For 1-fold symmetric bi-univalent functions, Theorem 1 reduces to the following corollary:

Corollary 5

Let

$$ f \in\mathcal{Q}_{\Sigma}(\tau, \lambda, \gamma, \delta; \alpha) \quad \bigl( \lambda\geqq0,0 \leqq\gamma\leqq1,0< \alpha\leqq1, \tau \in\mathbb{C} \backslash\{0 \}, \delta\in\mathbb{N}_{0} \bigr) $$

be given by (1.1). Then,

$$ \vert a_{2} \vert \leqq \frac{2 \vert \tau \vert \alpha}{\sqrt{(\delta+1) \vert \tau\alpha(\delta +2)(1+2(\lambda+\gamma+5 \lambda\gamma))+(1-\alpha)(\delta +1)(1+\lambda+\gamma+5 \lambda\gamma)^{2} \vert }}, $$

and

$$ \vert a_{3} \vert \leqq \frac{2 \vert \tau \vert \alpha}{(\delta+1)(\delta+2)(1+2(\lambda+\gamma+5 \lambda\gamma))}+ \frac{4 \vert \tau \vert ^{2} \alpha^{2}}{(\delta+1)^{2}(1+\lambda+\gamma+5 \lambda\gamma)^{2}}. $$

Remark 8

In Corollary 5, if we choose

  1. 1.

    \(\delta=0\), then we obtain the results, which were given by Srivastava and Wanas [29, Corollary 2.1].

  2. 2.

    \(\delta=0\), \(\gamma=0\) and \(\tau=1\), then we obtain the results, which were proven by Frasin and Aouf [8, Theorem 2.2].

  3. 3.

    \(\delta=0\), \(\gamma=0\), \(\lambda=1\) and \(\tau=1\), then we obtain the results, which were obtained by Srivastava et al. [6, Theorem 1].

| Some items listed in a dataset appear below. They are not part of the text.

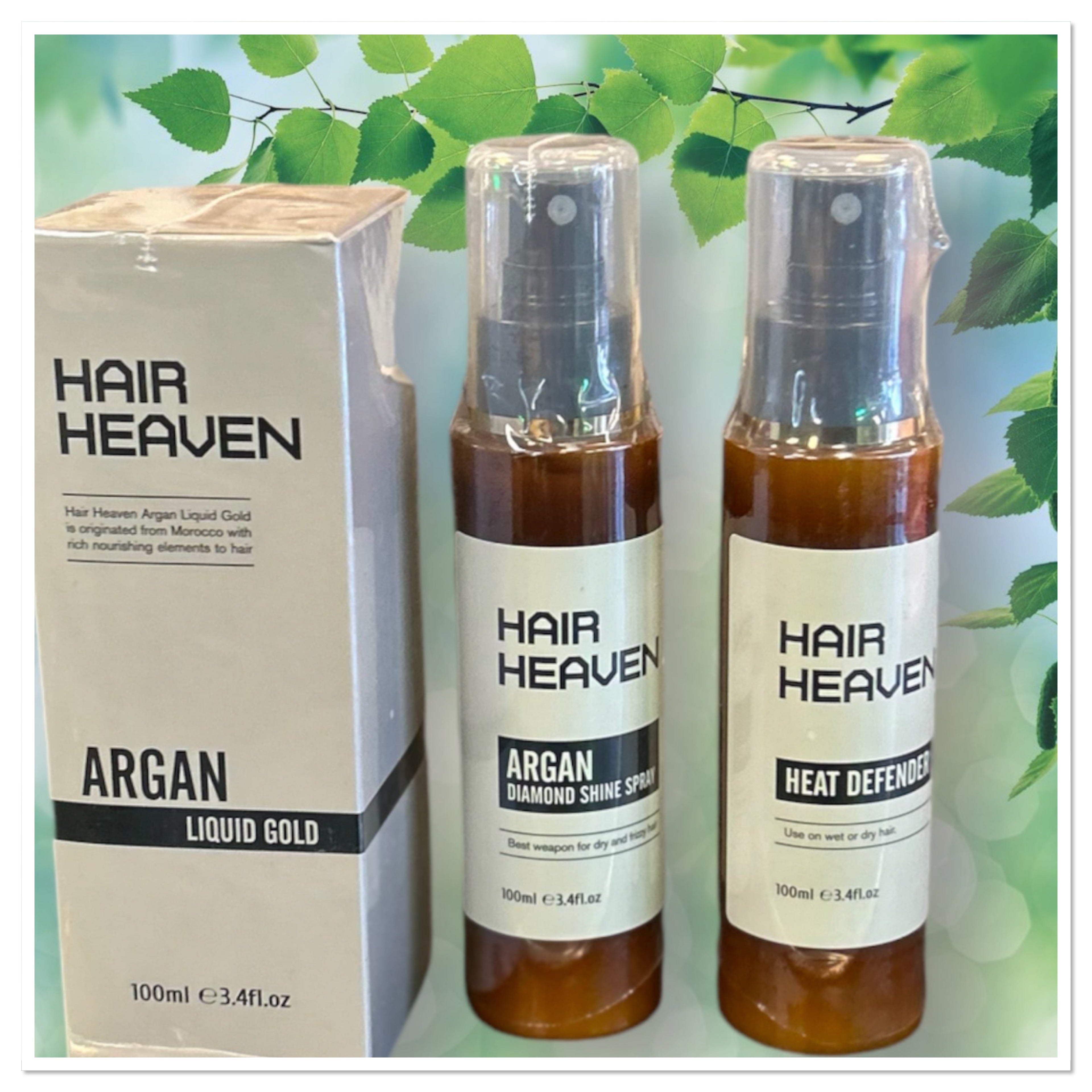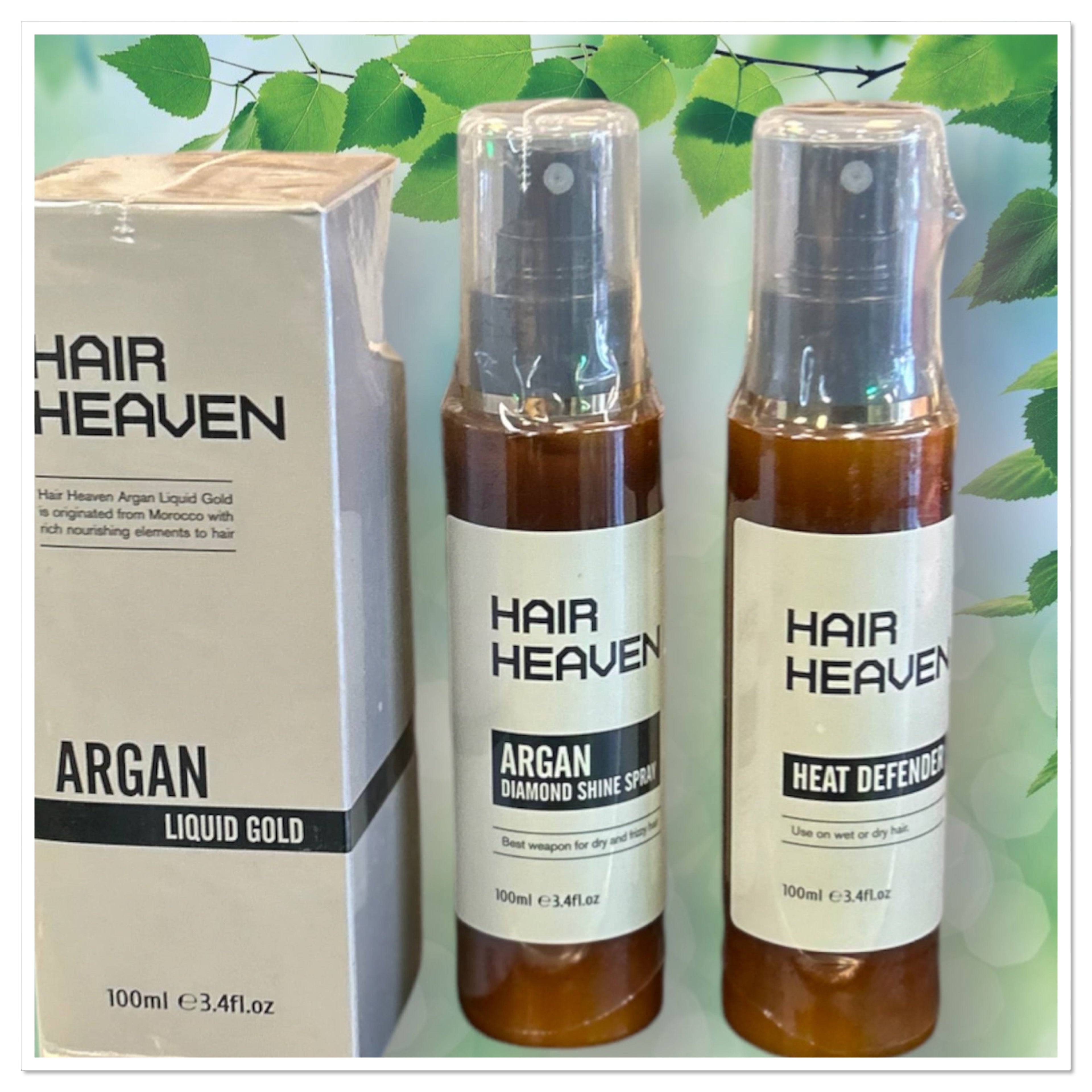 - Hair Heaven Care Kit Box – Magical Shine in December ✨Argan Gold Shampoo,Argan Gold Conditioner,Diamond Sheen Spray,Heat Defender,10Second Mask,Argan Oil,Leave in Conditioner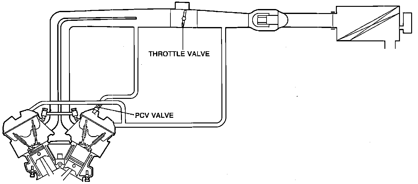 The PCV valve is operated by the intake manifold vacuum. When the engine is running at idle, the PCV valve is slightly open and a small amount of blowby gas is drawn into the dynamic chamber to be burned. As the engine speed rises, the PCV valve is opened further, allowing a larger amount of blowby gas to be drawn into the dynamic chamber.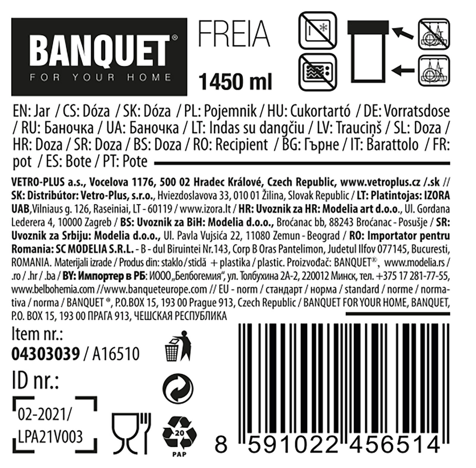 Praktyczny szklany słoik FREIA 1,45 l z pokrywką ze stali nierdzewnej utrzyma Twoje produkty spożywcze dłużej świeże i przejrzyście uporządkowane. Dzięki wysokiej jakości przezroczystemu szkłu od razu widzisz zawartość bez konieczności otwierania, a solidna pokrywka pomaga lepiej zachować smak i aromat.

For 1-fold symmetric bi-univalent functions, Theorem 3 reduces to the following corollary:

Corollary 6

Let

$$ f \in\Theta_{\Sigma}(\tau, \lambda, \gamma, \delta; \beta) \quad \bigl(\lambda \geqq0, 0 \leqq\gamma\leqq1, 0 \leqq\beta< 1, \tau\in\mathbb{C} \backslash\{0\}, \delta\in\mathbb{N}_{0} \bigr) $$

be given by (1.1). Then,

$$ \vert a_{2} \vert \leqq\min \biggl\{ \frac{2 \vert \tau \vert (1-\beta)}{(\delta+1)(1+\lambda+\gamma+5 \lambda \gamma)}, 2 \sqrt{ \frac{ \vert \tau \vert (1-\beta)}{(\delta+1)(\delta+2)(1+2(\lambda+\gamma+5 \lambda\gamma))}} \biggr\} , $$

and

$$ \vert a_{3} \vert \leqq \frac{4 \vert \tau \vert (1-\beta)}{(\delta+1)(\delta+2)(1+2(\lambda+\gamma +5 \lambda\gamma))}. $$

By taking \(\delta=0\) in Corollary 6, we have the following result.

Corollary 7

Let

$$ f \in\Theta_{\Sigma}(\tau, \lambda, \gamma; \beta)\quad \bigl(\lambda \geqq0, 0 \leqq\gamma\leqq1, 0 \leqq\beta< 1, \tau\in \mathbb{C} \backslash\{0\}\bigr) $$

be given by (1.1). Then,

$$ \vert a_{2} \vert \leqq\min \biggl\{ \frac{2 \vert \tau \vert (1-\beta)}{1+\lambda+\gamma+5 \lambda\gamma}, \sqrt{ \frac{2 \vert \tau \vert (1-\beta)}{1+2(\lambda+\gamma+5 \lambda\gamma)}} \biggr\} , $$

and

$$ \vert a_{3} \vert \leqq \frac{2 \vert \tau \vert (1-\beta)}{1+2(\lambda+\gamma+5 \lambda\gamma)}. $$

Remark 9

The bounds on \(\vert a_{2} \vert \) and \(\vert a_{3} \vert \) given in Corollary 7 are better than those given in [29, Corollary 3.1].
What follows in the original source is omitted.